Replace <your-container-registry>/windows-server-2025:latest with the actual container image you’ve built or obtained. This image should include:

  • A valid Windows Server 2025 ISO or pre-installed image

  • VirtIO drivers preloaded (or added via a second volume if needed)

  • Sysprep'd and configured for cloud-init or equivalent, if possible


Optional: Add a Service to Expose RDP

You can expose the VM via NodePort to access it over RDP:

apiVersion: v1
kind: Service
metadata:
  name: win2025-vm-service
spec:
  selector:
    kubevirt.io/domain: win2025-vm
  ports:
    - protocol: TCP
      port: 3389
      targetPort: 3389
      nodePort: 31389
  type: NodePort

Now you can RDP to your VM using node-ip:31389


đź’­ Final Thoughts

Honestly, I was surprised by how smoothly everything came together. Talos doesn’t let you tinker at the OS level—which feels restrictive at first—but once you embrace its Kubernetes-first mindset, it actually feels powerful, clean, and super intentional.
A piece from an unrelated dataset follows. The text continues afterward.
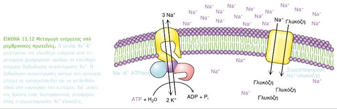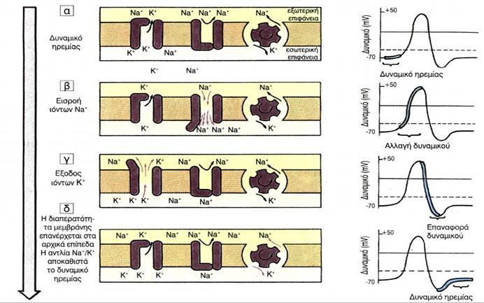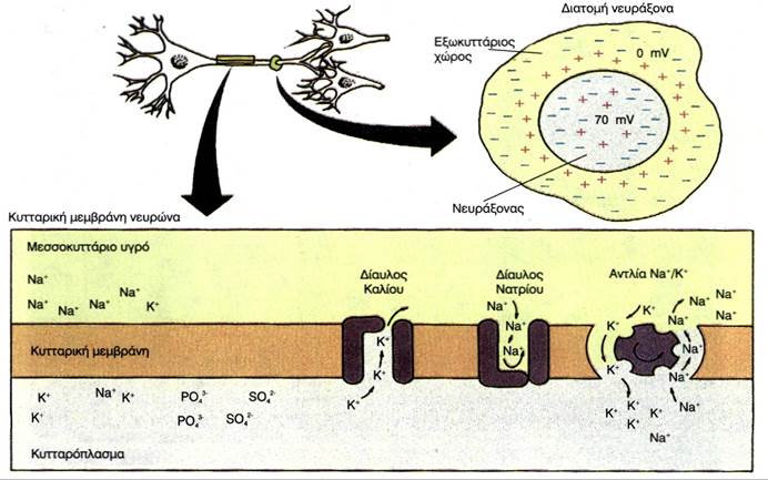 Πηγή: Jeremy M. Berg, John L. Tymoczko, Lubert Stryer. Biochemistry, 5th edition, W.H. Freeman and Co., 2002, New York. Πανεπιστημιακές Εκδόσεις Κρήτης, Ηράκλειο, 2012. Μετάφραση: Α. Αλετράς, Θ. Βαλκανά, Δ. Δραΐνας, Κ. Δραΐνας, Η. Κούβελας, Γ.Κ. Παπαδόπουλος, και Μ. Φράγκου-Λαζαρίδη. Άρα, η διαρκής λειτουργία της αντλίας νατρίου-καλίου και η συνεπαγόμενη ανισοκατανομή αυτών των ιόντων, επιτρέπει στο κύτταρο να την χρησιμοποιήσει ώστε να συσσωρεύσει χρήσιμες ουσίες όπως τα σάκχαρα, κάτι που δεν θα μπορούσε να γίνει διαφορετικά. Δεν είναι τυχαίο λοιπόν, που η αντλία νατρίου-καλίου καταναλώνει το 25 % των κυτταρικών ενεργειακών αποθεμάτων! Για πολλούς και διάφορους λόγους πολλές ουσίες και ιόντα έχουν ανισοκατανομή μεταξύ του εσωτερικού και του εξωτερικού των κυττάρων (πολλές φορές με διαφορά συγκεντρώσεων που να είναι 1000 έως 10.000 φορές μεγαλύτερη η μια από την άλλη). Η ανισοκατανομή αυτή έχει μεγάλη σημασία για τη διατήρηση του όγκου του κυττάρου και γενικότερα της ομοιοστασίας (δηλ. των σταθερών συνθηκών στο εσωτερικό ενός οργανισμού). Μπορεί δε η ανισοκατανομή αυτή να χρησιμοποιηθεί προς ίδιον όφελος. Το ότι, π.χ., υπάρχει διαρκώς 10-12x μεγαλύτερη συγκέντρωση ιόντων νατρίου, Na+, στο εξωτερικό του κυττάρου σε σύγκριση με τη συγκέντρωση στο εσωτερικό του, σημαίνει ότι αυθόρμητα τα Na+ θα εισέρχονται στο κύτταρο μέσω των αντίστοιχων διαύλων Na+. Αυτό μπορεί να το εκμεταλλευτεί το κύτταρο, με έναν άλλο μηχανισμό που λέγεται μηχανισμός συμμεταφοράς. Δηλαδή υπάρχει σε πολλά κύτταρα μεταφορέας που μεταφέρει και ιόντα νατρίου και κάποια θρεπτική ουσία (π.χ. σάκχαρο, και άλλος μεταφορέας για μεταφορά ιόντων νατρίου και αμινοξέων) με τρόπο ώστε τα μεν ιόντα νατρίου να μεταφέρονται από περιοχή υψηλής σε περιοχή χαμηλής συγκέντρωσης (δηλαδή αυθόρμητα), και έτσι να συμπαρασύρουν και τα σάκχαρα που μεταφέρονται από περιοχή χαμηλής συγκέντρωσης σε περιοχή υψηλής συγκέντρωσης (αν μεταφέρονταν μόνα τους θα απαιτείτο ενέργεια). Μάλιστα, σε τέτοιο σύστημα συμμεταφοράς, είναι αδύνατη η μεταφορά ιόντων νατρίου και μόνον, και σαφώς δεν είναι δυνατή η μεταφορά μορίων σακχάρου ή αμινοξέων. Το τελευταίο χρειάζεται ενέργεια, και πραγματοποιείται μόνον με τη σύζευξή του με μια διεργασία που γίνεται αυθόρμητα (τη μετάβαση ιόντων νατρίου από περιοχή υψηλής συγκέντρωσης σε περιοχή χαμηλής συγκέντρωσης). Ένα απλό δούναι-λαβείν, στη καθομιλουμένη πάρε-δώσε.] Η μεγάλη συγκέντρωση θετικών ιόντων στην εξωτερική επιφάνεια της μεμβράνης και αρνητικών ιόντων στην εσωτερική δημιουργούν διαφορά δυναμικού. Το δυναμικό αυτό ονομάζεται δυναμικό ηρεμίας και είναι περίπου -70 mV (επειδή η εσωτερική επιφάνεια της μεμβράνης είναι ηλεκτραρνητικά φορτισμένη σε σχέση με την εξωτερική) [mV = millivolt, ισοδυναμεί με 10-3 Volt]. Η μεμβράνη του νευρώνα διατηρεί το δυναμικό ηρεμίας για όσο διάστημα δε δέχεται κάποιο ερέθισμα ή, όταν δέχεται ερεθίσματα, με ένταση μικρότερη από κάποια οριακή τιμή.

Pairing that with KubeVirt means I can now run VMs alongside containers on the same cluster. It's ideal for legacy apps, CI jobs, or just anything that doesn't fit neatly into a container. No more needing to spin up separate hypervisors or maintain parallel infrastructure—KubeVirt bridges that gap beautifully.

For the complete guide to installing KubeVirt on Talos Linux, check out: Install KubeVirt on Talos | Talos Linux

If you're exploring modern infrastructure and want a clean, GitOps-friendly way to mix virtual machines and containers, I highly recommend giving this setup a spin.